Consequently, taking into account other components of the required level of capital ratios resulting, inter alia, from administrative decisions of the PFSA received in 2018, the required level of capital ratios at the end of June 2019 was as follows:

  • Individual total capital ratio 18.02% and Tier 1 capital ratio 14.98%
  • Consolidated total capital ratio –17.51% and Tier 1 capital ratio 14.60%.

At the date of publication of these financial statements, mBank S.A. and mBank S.A. Group fulfils the KNF requirements related to the required capital ratios on both individual and consolidated levels.

Proposals for restructuring foreign currency mortgage loans

In recent years, discussions regarding proposals for restructuring mortgage loans granted in foreign currencies to individual clients have been conducted. At the meeting that began on October 19, 2016, the Sejm of the Republic of Poland began working on three draft laws regulating the above-mentioned issue in different ways: a bill presented by the President of the Republic of Poland on the rules for reimbursement of certain debts arising from loan and loan agreements and parliament members' draft Act on restructuring loans denominated or indexed to a currency other than the Polish currency and on the introduction of a ban on such loans and the Act on special rules for the restructuring of foreign currency housing loans due to a change in the exchange rate of foreign currencies to the Polish currency.

As at the date of publication of this report, the intentions for further work on the aforementioned proposals are not known.

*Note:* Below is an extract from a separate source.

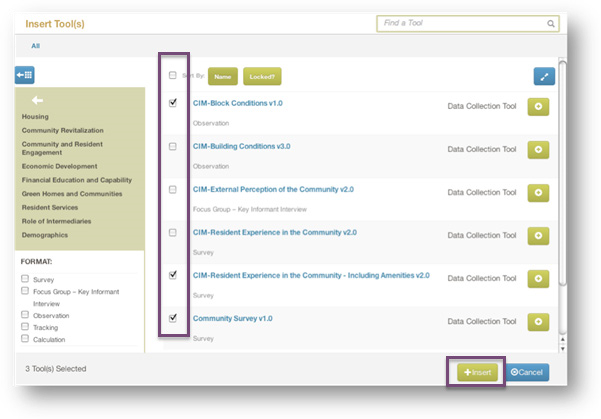 From here, you will see a list of every tool in your tool set. You can filter by a tool name, or scan the list for the tool you would like to insert. You can insert multiple tools at the same time.

Therefore, the Bank is not able to reliably asses the probability of implementing the aforementioned solutions as well as estimate the potential impact of the final solutions on the financial statements of the Bank and the mBank Group.

On 4 July 2019, the Sejm adopted the Act on amending the Act on support for borrowers in financial difficulties who have taken out a housing loan and certain other acts. The original proposal provided for the creation of the so-called Conversion Fund earmarked for financing conversion of loans. In the course of the legislative process this solution was abandoned (i.e. the provisions regarding the Conversion Fund were deleted).

33. Events after the balance sheet date

From 30 June 2019 until the date of publication of these condensed financial statements, no events occurred, which would require additional disclosure in these condensed financial statements.